Material for this exercise:
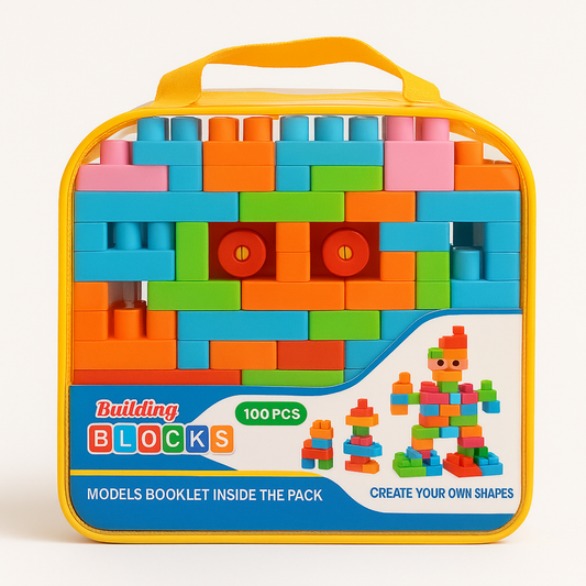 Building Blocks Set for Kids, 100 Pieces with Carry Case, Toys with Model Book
---
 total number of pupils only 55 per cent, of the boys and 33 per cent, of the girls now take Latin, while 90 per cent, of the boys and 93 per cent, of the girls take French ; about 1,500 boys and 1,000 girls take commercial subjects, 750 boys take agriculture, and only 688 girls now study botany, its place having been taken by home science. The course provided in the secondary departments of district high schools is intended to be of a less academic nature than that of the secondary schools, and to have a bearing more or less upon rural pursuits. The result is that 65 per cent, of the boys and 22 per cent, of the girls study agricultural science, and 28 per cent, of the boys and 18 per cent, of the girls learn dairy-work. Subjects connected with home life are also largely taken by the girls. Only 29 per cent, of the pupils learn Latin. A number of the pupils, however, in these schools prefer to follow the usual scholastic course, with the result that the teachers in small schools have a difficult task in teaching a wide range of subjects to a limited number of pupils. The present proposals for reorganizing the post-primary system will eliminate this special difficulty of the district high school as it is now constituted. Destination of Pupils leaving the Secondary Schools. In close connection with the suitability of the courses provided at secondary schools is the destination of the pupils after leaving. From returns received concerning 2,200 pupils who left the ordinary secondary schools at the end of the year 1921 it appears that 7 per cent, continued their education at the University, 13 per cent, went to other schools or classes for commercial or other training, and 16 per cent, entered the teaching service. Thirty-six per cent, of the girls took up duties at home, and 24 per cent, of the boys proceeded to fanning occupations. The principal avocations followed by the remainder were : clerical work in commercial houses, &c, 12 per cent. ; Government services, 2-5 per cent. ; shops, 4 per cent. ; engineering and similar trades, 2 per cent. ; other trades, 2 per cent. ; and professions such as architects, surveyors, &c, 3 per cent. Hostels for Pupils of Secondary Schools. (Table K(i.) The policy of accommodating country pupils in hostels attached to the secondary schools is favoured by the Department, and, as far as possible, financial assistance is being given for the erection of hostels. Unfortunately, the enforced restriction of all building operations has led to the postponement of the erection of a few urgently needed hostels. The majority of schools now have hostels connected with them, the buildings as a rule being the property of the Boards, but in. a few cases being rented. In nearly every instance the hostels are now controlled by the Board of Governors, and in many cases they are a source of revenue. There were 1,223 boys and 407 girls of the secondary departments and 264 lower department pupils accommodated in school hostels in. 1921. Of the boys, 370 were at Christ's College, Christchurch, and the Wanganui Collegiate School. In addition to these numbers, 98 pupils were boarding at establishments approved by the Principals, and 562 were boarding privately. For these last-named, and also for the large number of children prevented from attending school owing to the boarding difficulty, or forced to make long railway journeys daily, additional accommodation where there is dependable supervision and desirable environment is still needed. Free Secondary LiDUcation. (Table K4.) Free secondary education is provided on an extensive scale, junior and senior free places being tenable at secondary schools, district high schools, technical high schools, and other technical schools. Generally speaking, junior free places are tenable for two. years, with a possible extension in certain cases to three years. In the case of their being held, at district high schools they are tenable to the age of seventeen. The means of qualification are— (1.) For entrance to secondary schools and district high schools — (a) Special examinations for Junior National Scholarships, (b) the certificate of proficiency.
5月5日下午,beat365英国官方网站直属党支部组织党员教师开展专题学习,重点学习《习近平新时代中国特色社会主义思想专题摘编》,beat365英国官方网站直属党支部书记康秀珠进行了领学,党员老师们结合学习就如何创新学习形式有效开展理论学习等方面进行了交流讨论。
...
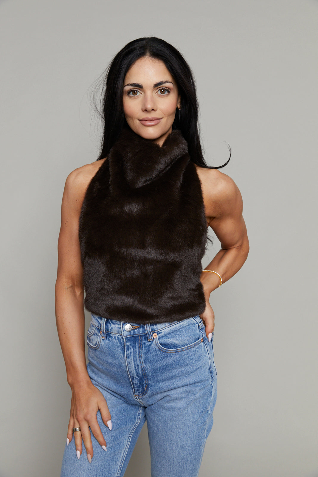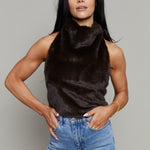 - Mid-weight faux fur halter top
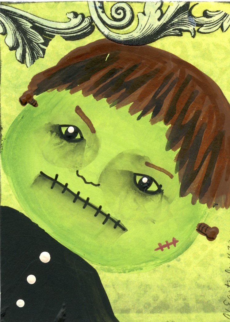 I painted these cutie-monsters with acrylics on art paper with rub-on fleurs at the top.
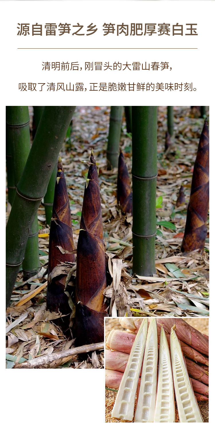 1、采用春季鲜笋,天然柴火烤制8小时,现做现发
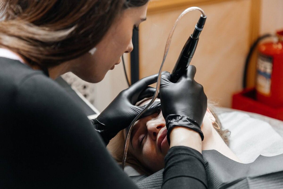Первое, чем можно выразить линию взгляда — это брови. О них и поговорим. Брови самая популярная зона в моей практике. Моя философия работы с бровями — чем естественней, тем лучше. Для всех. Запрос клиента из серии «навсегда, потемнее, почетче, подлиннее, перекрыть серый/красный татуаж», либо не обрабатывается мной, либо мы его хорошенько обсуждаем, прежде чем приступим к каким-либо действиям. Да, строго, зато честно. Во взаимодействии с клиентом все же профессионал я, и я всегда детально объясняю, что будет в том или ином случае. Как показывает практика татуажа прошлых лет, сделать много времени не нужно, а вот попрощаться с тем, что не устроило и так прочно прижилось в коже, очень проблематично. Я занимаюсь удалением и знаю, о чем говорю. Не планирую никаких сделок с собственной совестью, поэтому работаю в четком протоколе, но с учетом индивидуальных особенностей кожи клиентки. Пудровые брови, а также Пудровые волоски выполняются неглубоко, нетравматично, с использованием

Exercise instructions: Only one stretch of the material above is wanted: the line containing "I painted these" through the line containing "1、采用春季鲜笋,天然柴火烤制8小时,现做现发". Restate it word for word, minus the pictures.

Written solution:
 I painted these cutie-monsters with acrylics on art paper with rub-on fleurs at the top.
 1、采用春季鲜笋,天然柴火烤制8小时,现做现发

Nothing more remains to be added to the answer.